Asoma en ese trabajo de escultura literaria que aborda el autor con sus
personajes –reales y ficticios- el eco incendiario del realismo ruso, esa
virtuosa cualidad de horadar las paredes del alma humana para contemplar y
hacer contemplar al lector los mismísimos pliegues en los que se atrinchera, no
siempre manera consciente, la persona que somos. Hay literatura en mayúscula…,
hay ficción en los personajes reales y realidad en los personajes ficticios, y
a pesar de todo -o por eso precisamente-, verdad en todo ello.
Hay heridas,
heridas muy dentro; y hay cicatrices que tapan alguna de esas heridas; pero no
su huella, grabada con tinta indeleble en el mapa emocional de sus historias
tan distintas y tan semejantes, tan distantes en el tiempo y tan cercanas y
próximas en el alma de los personajes. Qué sucede cuando todo se trunca, cuando
se aviene lo inevitable, cuando el tren de la vida descarrila sin llegar a
todas las estaciones del viaje, cuándo sentimos cómo el golpe seco del vacío
llega hasta lo más íntimo…
En escenarios
personales diferentes, comparten todos los personajes la inflexión de sus
pequeñas o grandes tragedias; el sorbo amargo de la copa que sin
contemplaciones le acerca el mundo; el mordisco rabioso con que les desnuda a
dentelladas la realidad. Como percepción y emoción humana, toda tragedia lleva
impresa en su inexplicable realidad la textura desgarrada y porosa del dolor.
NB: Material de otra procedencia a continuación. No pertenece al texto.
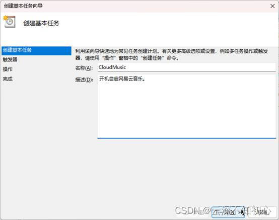4.以制作开机自启的网易云音乐任务为例,在任务名称中输入“CouldMusic”,描述中输入“开机自启网易云音乐”。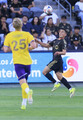 Kelvin Yeboah #9 of the Minnesota United FC battles for the ball with Justin Haak #15 of the LA Galaxy during a regular season MLS game on Saturday April 4, 2026 at Dignity Health Sports Park Stadium in Carson, California. LA Galaxy lose to Minnesota United FC, 1-2. JAVIER ROJAS/PI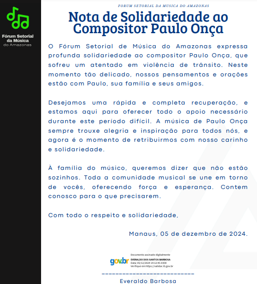 O Fórum Setorial de Música do Amazonas, que integra o Sistema Nacional e Estadual de Cultura e atua promovendo discussões relevantes para a música e a cultura local, emitiu uma nota oficial de solidariedade ao compositor nesta quinta-feira.

Su descarnado gesto, su despiadada sentencia, desangra y exprime el corazón de
quienes no tienen más remedio que mirarla a la cara.
Y ante lo
trágico, la inconsistencia de la palabra humana, las promesas que se elevan
inciertas, discontinuas, difusas… Ante tanta incertidumbre, poco más que la
posibilidad cierta y robusta de la fe sin límites. Ante la ceguera y el
despropósito, la posibilidad de encontrar un sentido último a tantos pasos
rotos que terminan en el paredón donde acribillan los sueños. La fe para que,
más allá de ese escenario agónico en el que zozobra el ser, aviste el corazón
empapado de anhelos el mundo que esperamos.
No hay
victoria, tampoco derrota. Quizá la novela nos muestre que el verdadero fracaso
es no disponer de un sentido que abrace nuestro propósito y cosa nuestros pasos
a la tierra que pisamos. Quizá, Pasó la
noche, amor, pretenda agarrada a sus personajes realzar el valor, la
valentía de quienes, revestidos de tan humana dignidad, deciden caminar o
detenerse con la herida abierta y no sucumbir –por ello- en el cenagal del
odio, atrincherarse en las oquedades del miedo o entregarse a los dictados
llameantes y abrasivos del rencor.
Caminar sin
reparar en el daño, en las consecuencias que lo inhóspito o trágico del camino
deparar pudiera; caminar hacia la luz que no ves, pero presientes y te agita
por dentro hasta mirar cara a cara al miedo, a la nada que hace tiritar el alma
y busca desnudar la esperanza. Y, de pronto, escuchas dentro de ti, como
rompiendo la noche, una voz queda, entera, solemne, amplia: “NO TENGAS MIEDO,
DIOS TE SOSTIENE”. Silencio atronador, recogimiento…; es el amor fundante que
se abre paso como luz en la oscuridad. Tampoco en la desesperación… El amor
nunca llega tarde.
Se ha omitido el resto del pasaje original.